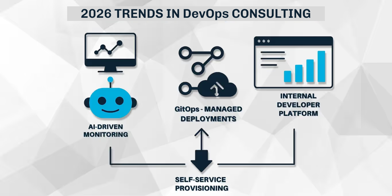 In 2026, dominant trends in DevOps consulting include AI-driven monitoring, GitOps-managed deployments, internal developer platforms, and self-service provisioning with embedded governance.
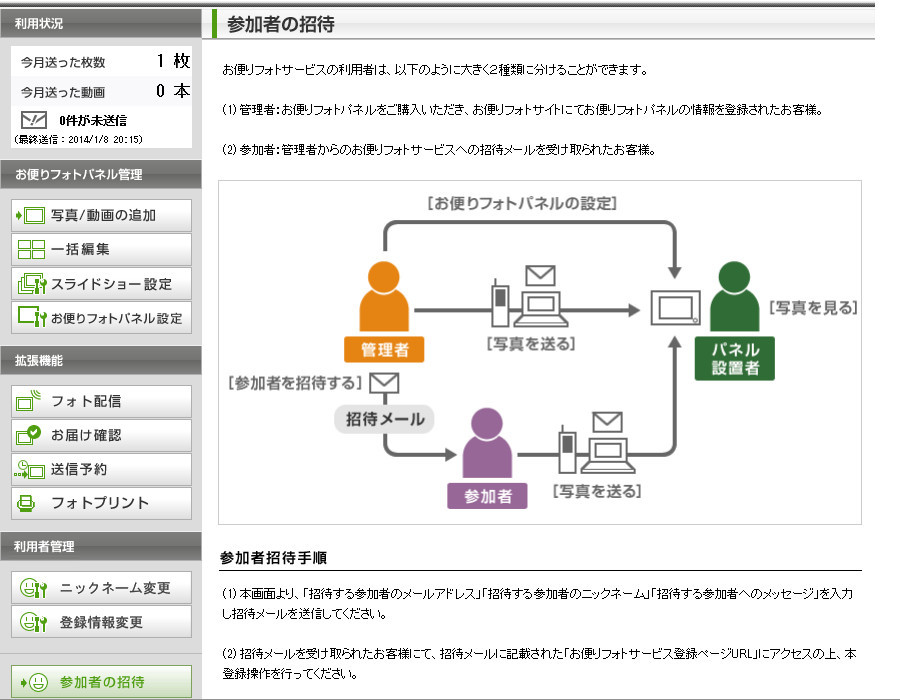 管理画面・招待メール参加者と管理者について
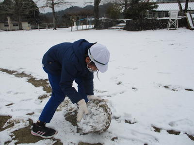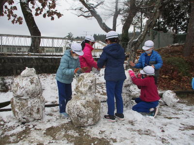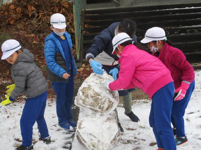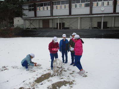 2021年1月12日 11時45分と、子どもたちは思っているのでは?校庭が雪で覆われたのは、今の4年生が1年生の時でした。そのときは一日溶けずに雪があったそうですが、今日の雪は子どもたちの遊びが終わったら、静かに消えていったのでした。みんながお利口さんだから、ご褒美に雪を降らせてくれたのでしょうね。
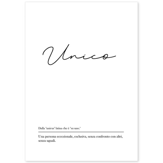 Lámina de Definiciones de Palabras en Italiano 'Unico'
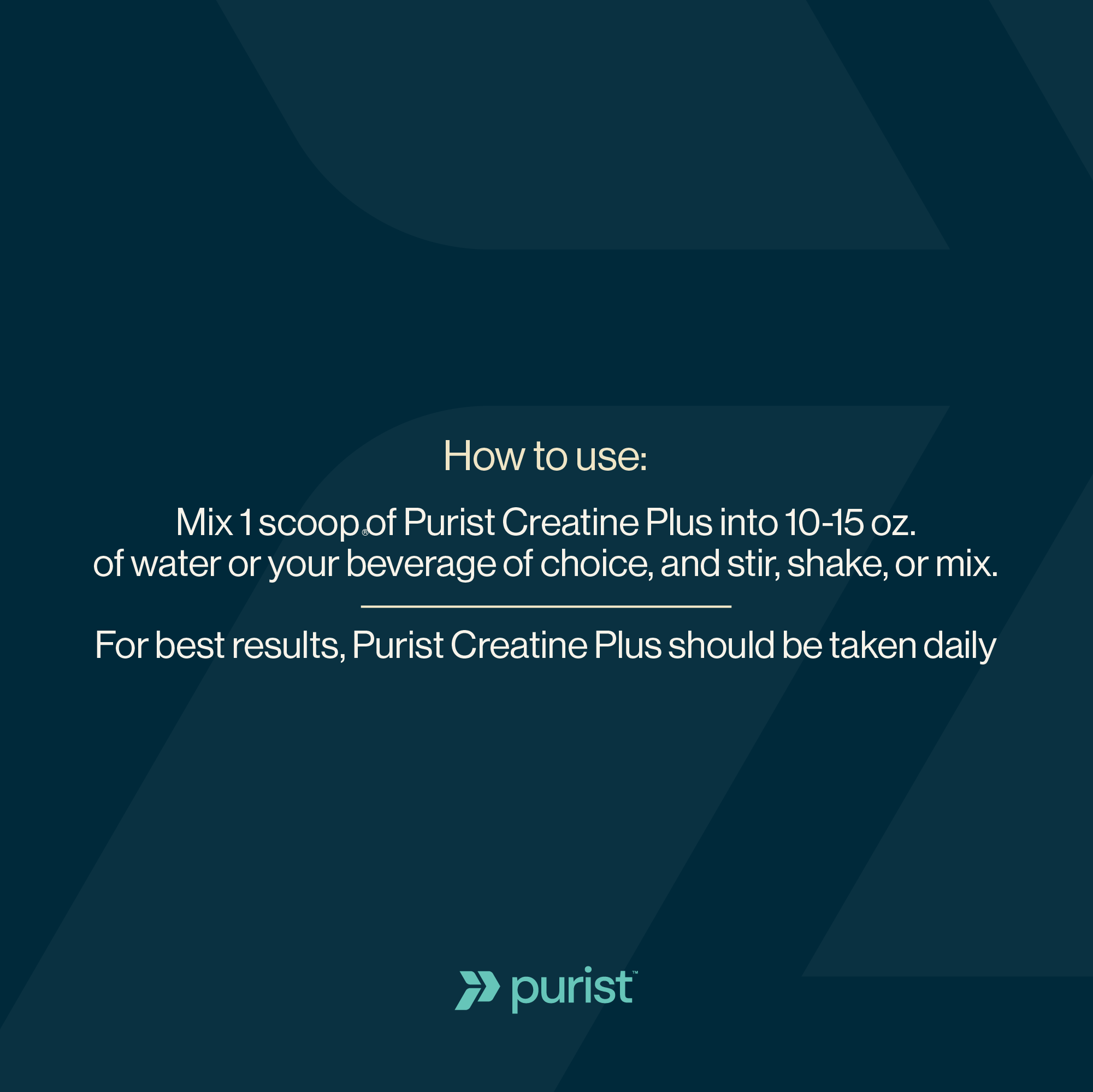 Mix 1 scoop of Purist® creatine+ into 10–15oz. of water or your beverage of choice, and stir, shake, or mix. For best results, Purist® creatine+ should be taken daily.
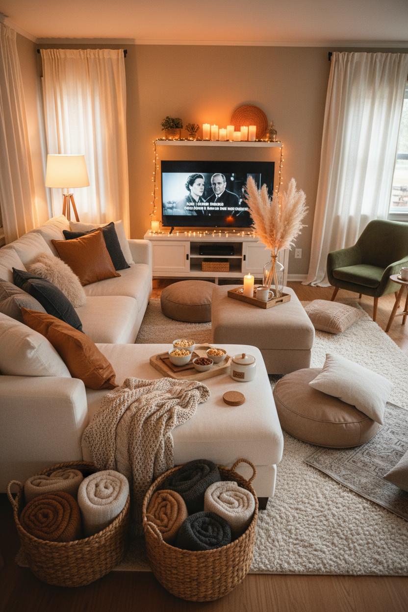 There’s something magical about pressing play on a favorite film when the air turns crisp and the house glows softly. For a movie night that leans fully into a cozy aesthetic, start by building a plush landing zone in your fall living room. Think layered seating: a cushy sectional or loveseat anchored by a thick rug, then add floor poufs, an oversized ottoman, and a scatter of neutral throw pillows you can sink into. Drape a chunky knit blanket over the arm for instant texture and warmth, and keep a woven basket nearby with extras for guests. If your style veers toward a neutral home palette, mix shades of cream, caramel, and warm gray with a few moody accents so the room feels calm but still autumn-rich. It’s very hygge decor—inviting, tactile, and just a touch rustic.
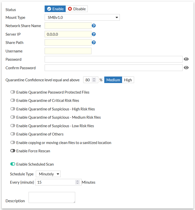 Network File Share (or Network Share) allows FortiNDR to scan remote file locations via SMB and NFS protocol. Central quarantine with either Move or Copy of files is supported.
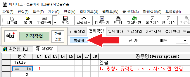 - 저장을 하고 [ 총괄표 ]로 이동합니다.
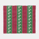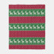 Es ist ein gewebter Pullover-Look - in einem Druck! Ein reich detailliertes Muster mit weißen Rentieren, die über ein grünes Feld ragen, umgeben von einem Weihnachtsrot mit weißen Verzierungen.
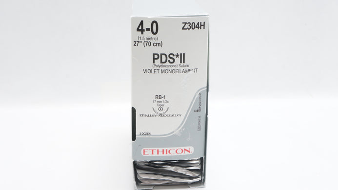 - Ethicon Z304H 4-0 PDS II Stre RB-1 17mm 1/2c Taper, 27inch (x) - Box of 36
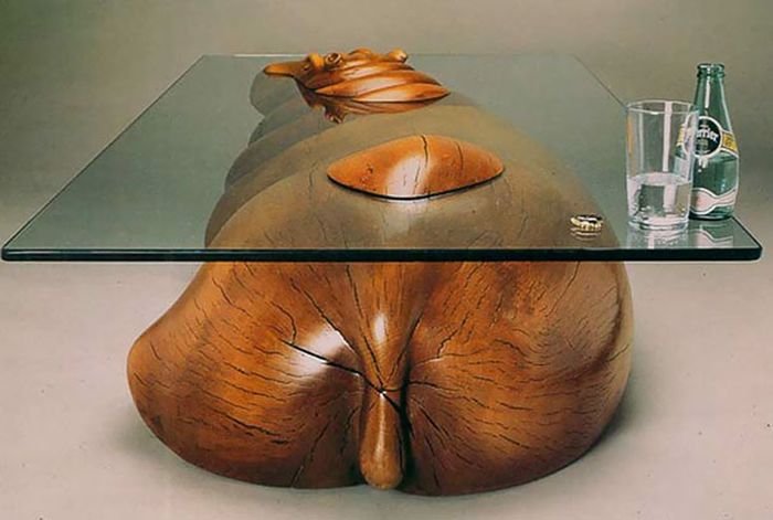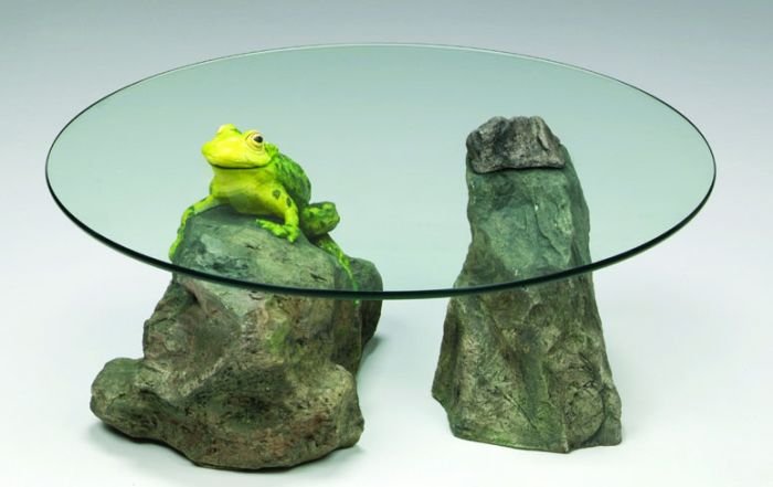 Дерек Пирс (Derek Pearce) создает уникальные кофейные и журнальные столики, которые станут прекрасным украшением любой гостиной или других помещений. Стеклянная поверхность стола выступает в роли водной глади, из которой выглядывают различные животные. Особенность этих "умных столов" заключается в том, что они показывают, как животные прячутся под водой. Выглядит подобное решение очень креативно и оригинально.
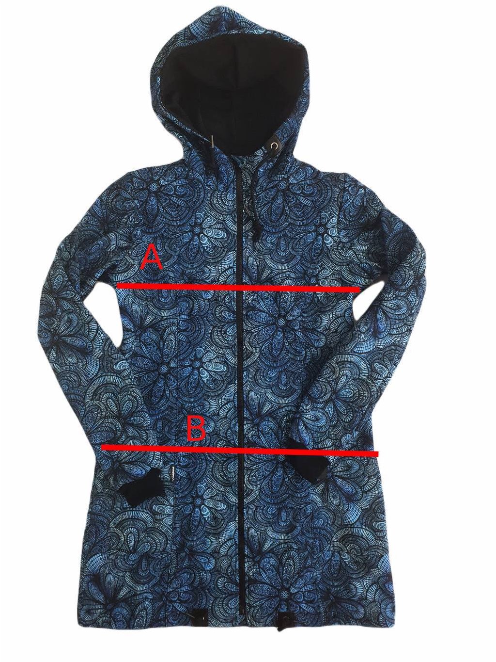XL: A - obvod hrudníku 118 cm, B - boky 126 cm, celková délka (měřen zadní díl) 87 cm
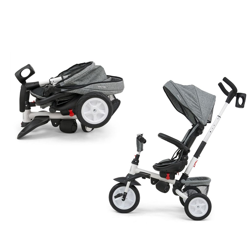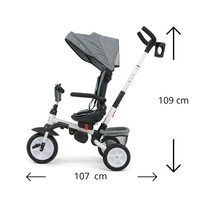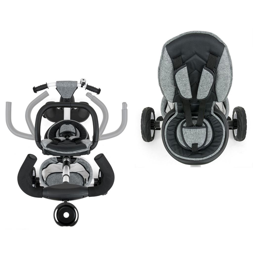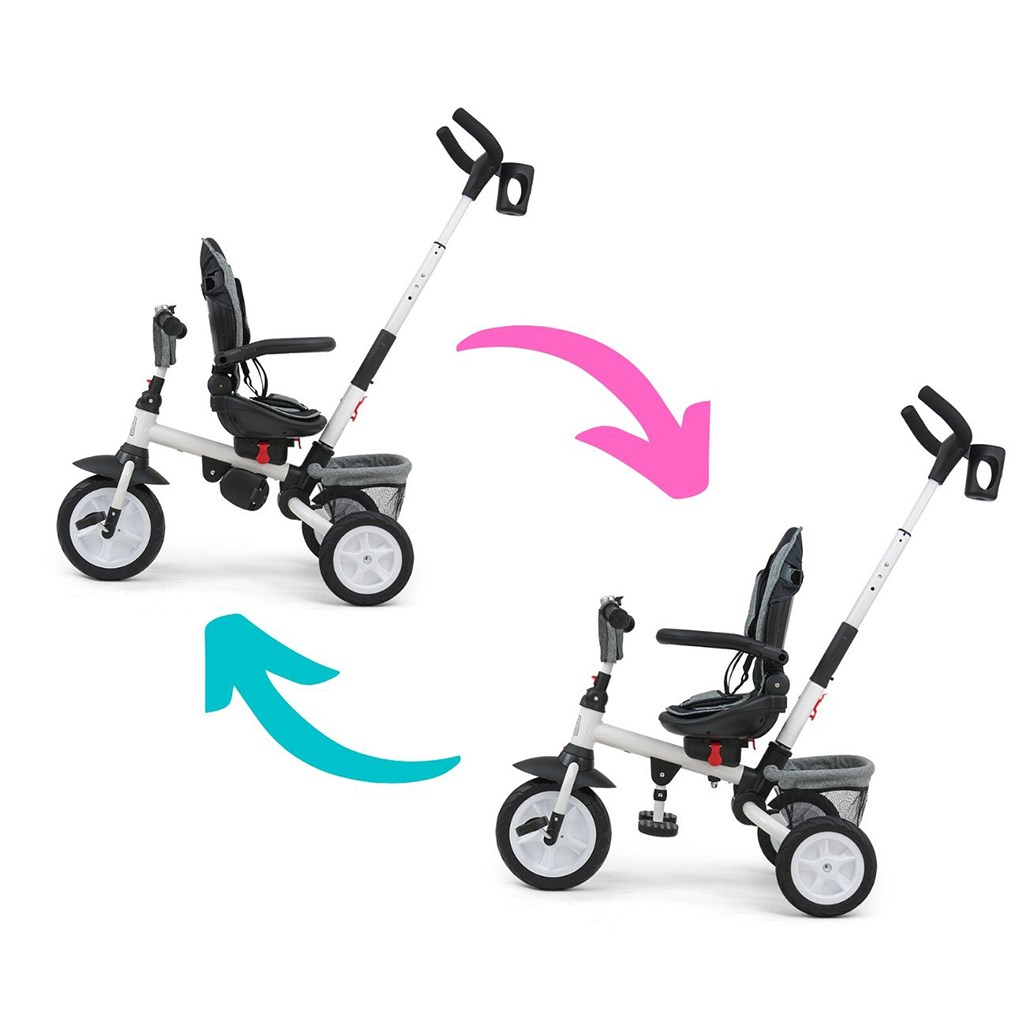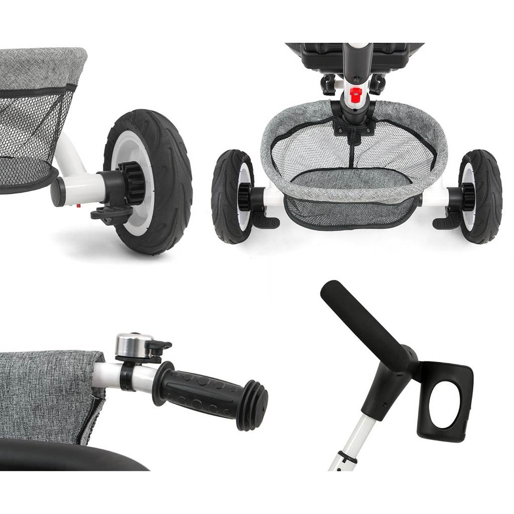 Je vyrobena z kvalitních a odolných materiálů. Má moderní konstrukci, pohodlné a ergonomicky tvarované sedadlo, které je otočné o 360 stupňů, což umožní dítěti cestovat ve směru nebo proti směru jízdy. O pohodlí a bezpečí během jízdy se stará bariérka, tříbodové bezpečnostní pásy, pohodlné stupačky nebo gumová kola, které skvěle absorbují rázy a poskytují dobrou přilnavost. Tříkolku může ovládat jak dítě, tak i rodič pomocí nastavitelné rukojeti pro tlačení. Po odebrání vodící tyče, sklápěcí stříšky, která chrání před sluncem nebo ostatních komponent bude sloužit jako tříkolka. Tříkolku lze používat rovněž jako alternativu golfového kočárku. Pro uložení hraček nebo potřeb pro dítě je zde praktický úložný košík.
_ _ _ _ _ _ _
> **WHAT YOU WILL DO**
Starting at the line that contains "- Ethicon Z304H", retype each line through the final one in the listing, with both ends kept and the pictures omitted.

> **ANSWER**
 - Ethicon Z304H 4-0 PDS II Stre RB-1 17mm 1/2c Taper, 27inch (x) - Box of 36
 Дерек Пирс (Derek Pearce) создает уникальные кофейные и журнальные столики, которые станут прекрасным украшением любой гостиной или других помещений. Стеклянная поверхность стола выступает в роли водной глади, из которой выглядывают различные животные. Особенность этих "умных столов" заключается в том, что они показывают, как животные прячутся под водой. Выглядит подобное решение очень креативно и оригинально.
XL: A - obvod hrudníku 118 cm, B - boky 126 cm, celková délka (měřen zadní díl) 87 cm
 Je vyrobena z kvalitních a odolných materiálů. Má moderní konstrukci, pohodlné a ergonomicky tvarované sedadlo, které je otočné o 360 stupňů, což umožní dítěti cestovat ve směru nebo proti směru jízdy. O pohodlí a bezpečí během jízdy se stará bariérka, tříbodové bezpečnostní pásy, pohodlné stupačky nebo gumová kola, které skvěle absorbují rázy a poskytují dobrou přilnavost. Tříkolku může ovládat jak dítě, tak i rodič pomocí nastavitelné rukojeti pro tlačení. Po odebrání vodící tyče, sklápěcí stříšky, která chrání před sluncem nebo ostatních komponent bude sloužit jako tříkolka. Tříkolku lze používat rovněž jako alternativu golfového kočárku. Pro uložení hraček nebo potřeb pro dítě je zde praktický úložný košík.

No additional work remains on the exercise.